Br J Ophthalmol. 2006 Jan;90(1):33-6. doi: 10.1136/bjo.2005.072934.
To determine preoperative demographic, clinical, and optical coherence tomography (OCT) factors which might predict the visual and anatomical outcome at 1 year in patients undergoing vitrectomy and inner limiting membrane peel for diabetic macular oedema (DMO).

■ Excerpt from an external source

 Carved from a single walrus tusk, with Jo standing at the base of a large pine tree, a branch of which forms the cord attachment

A prospective, interventional case series of 33 patients who completed 1 year follow up. Measurements were taken preoperatively and at 1 year. Outcome measures were logMAR visual acuity (VA) and OCT macular thickness. A priori explanatory variables included baseline presence of clinical and/or OCT signs suggesting macular traction, grade of diabetic maculopathy, posterior vitreous detachment, fluorescein leakage and ischaemia on angiography, presence of subretinal fluid, and peroperative indocyanine green (ICG) use.

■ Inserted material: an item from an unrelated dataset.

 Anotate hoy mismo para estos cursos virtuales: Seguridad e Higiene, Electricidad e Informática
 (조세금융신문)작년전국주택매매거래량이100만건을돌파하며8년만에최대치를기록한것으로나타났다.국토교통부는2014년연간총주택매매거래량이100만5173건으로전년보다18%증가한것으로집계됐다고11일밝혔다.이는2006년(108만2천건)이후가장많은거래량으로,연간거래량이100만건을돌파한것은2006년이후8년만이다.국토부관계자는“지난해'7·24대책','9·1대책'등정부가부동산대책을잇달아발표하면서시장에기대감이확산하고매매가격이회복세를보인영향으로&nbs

33 patients completed 1 year follow up. On average VA deteriorated by 0.035 logMAR (p = 0.40). Macular thickness significantly improved by a mean of 139 microm (95% CI; 211 to 67, p<0.001). Patients with evidence of clinical and/or OCT macular traction significantly improved logMAR acuity (logMAR improvement = 0.08) compared with patients without traction (logMAR deterioration 0.11, p = 0.01). Presence of subretinal fluid significantly predicted worse postoperative result (p = 0.01)
On average, patients showed a statistically significant improvement in central macular thickness following treatment but a marginal acuity worsening. Presence of subretinal fluid on OCT is hypothesised to be exudative rather than tractional in nature. The visual benefit of vitrectomy for DMO in this study was limited to patients who exhibit signs of macular traction either clinically and/or on OCT.

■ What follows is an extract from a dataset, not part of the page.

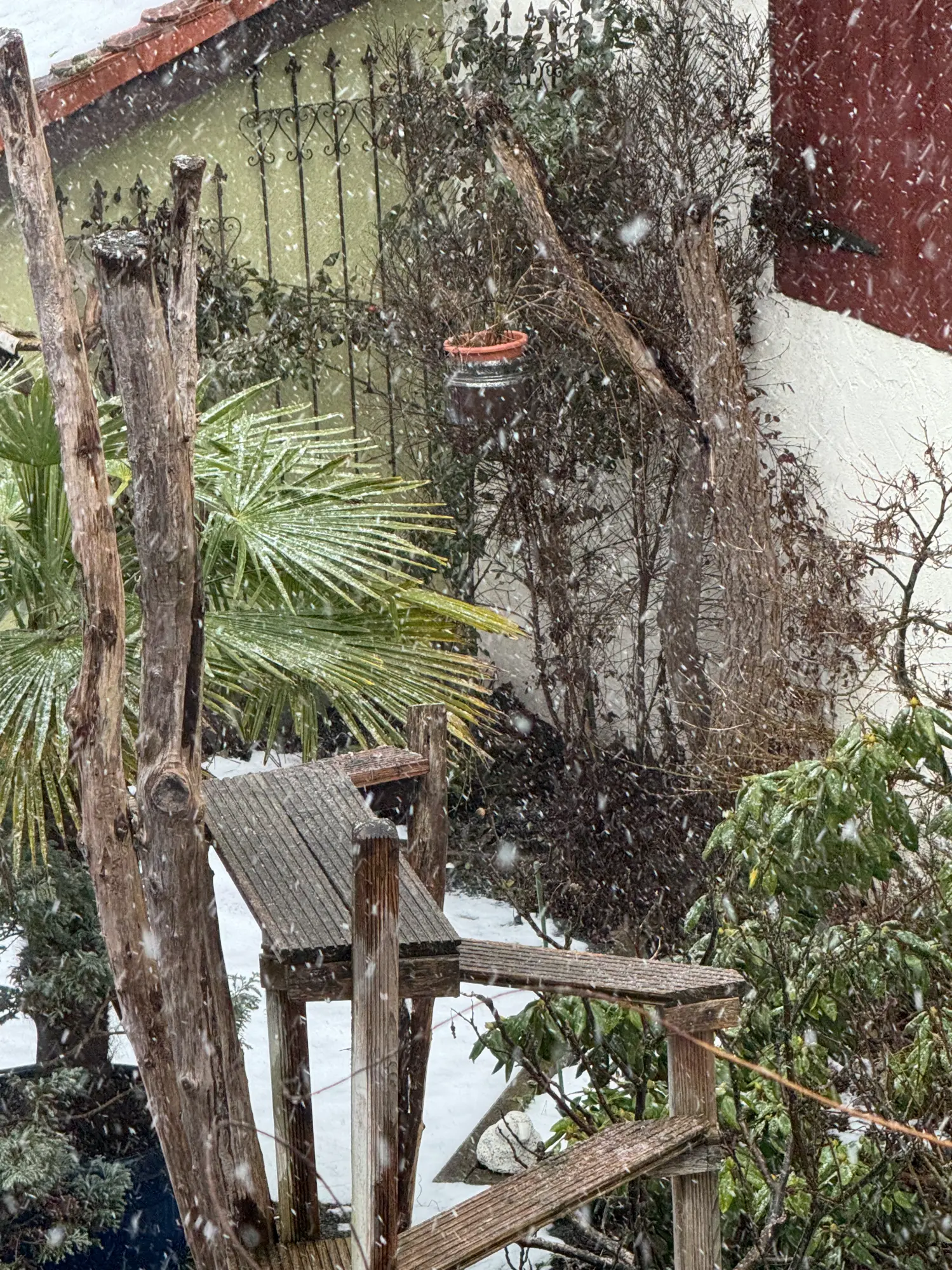 Jetzt schneits hier auch. Da aber erst ein weisses Schäumchen liegt kann das bei der momentanen Intensität noch nicht sehr lange der Fall sein. Vielleicht ist doch gut muss ich schon um kurz nach 7 auf dem Bus sein, besser werden die Strassen wohl heute nicht mehr

确定在接受玻璃体切除术和内界膜剥除术治疗糖尿病性黄斑水肿(DMO)的患者中,哪些术前人口统计学、临床和光学相干断层扫描(OCT)因素可能预测1年后的视力和解剖学结果。
一项前瞻性、干预性病例系列研究,纳入33例完成1年随访的患者。在术前和1年时进行测量。结果指标为logMAR视力(VA)和OCT黄斑厚度。先验解释变量包括提示黄斑牵拉的临床和/或OCT体征的基线存在情况、糖尿病性黄斑病变分级、玻璃体后脱离、血管造影上的荧光素渗漏和缺血、视网膜下液的存在以及术中吲哚菁绿(ICG)的使用情况。
33例患者完成了1年随访。平均VA恶化了0.035 logMAR(p = 0.40)。黄斑厚度平均显著改善了139微米(95%可信区间;211至67,p<0.001)。有临床和/或OCT黄斑牵拉证据的患者与无牵拉的患者相比,logMAR视力显著改善(logMAR改善 = 0.08)(logMAR恶化0.11,p = 0.01)。视网膜下液的存在显著预测术后结果较差(p = 0.01)。
平均而言,患者在治疗后中央黄斑厚度有统计学上的显著改善,但视力略有恶化。OCT上视网膜下液的存在被推测本质上是渗出性而非牵拉性的。在本研究中,玻璃体切除术对DMO的视力益处仅限于临床上和/或OCT上表现出黄斑牵拉迹象的患者。